A modelling and computational study of the frustration index in signed networks
Samin Aref, Andrew J. Mason, and Mark C. Wilson

TL;DR
This paper introduces three new binary linear programming models for efficiently computing the frustration index in large signed networks, significantly outperforming existing methods in speed and accuracy.
Contribution
The authors develop and validate three novel binary linear programming models that compute the frustration index exactly and efficiently for large-scale signed networks.
Findings
Models solve networks with over 15,000 edges in less than a minute.
Models outperform all existing approaches in speed and accuracy.

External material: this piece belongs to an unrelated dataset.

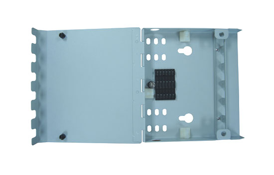 OTB-I06 is a metal fiber optic terminal box with 6 SC simplex adapter ports for fiber connection and distribution. It is indoor wall mounted box in FTTx project.
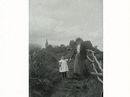 Kvinna med flicka i handen på en stig mot kyrkan i bakgrunden. Ett knotigt staket kantar stigen.

Extensive analysis confirms the models' superiority over heuristic methods.
Abstract
Computing the frustration index of a signed graph is a key step toward solving problems in many fields including social networks, political science, physics, chemistry, and biology. The frustration index determines the distance of a network from a state of total structural balance. Although the definition of the frustration index goes back to the 1950's, its exact algorithmic computation, which is closely related to classic NP-hard graph problems, has only become a focus in recent years. We develop three new binary linear programming models to compute the frustration index exactly and efficiently as the solution to a global optimisation problem. Solving the models with prioritised branching and valid inequalities in Gurobi, we can compute the frustration index of real signed networks with over 15000 edges in less than a minute on inexpensive hardware. We provide extensive performance…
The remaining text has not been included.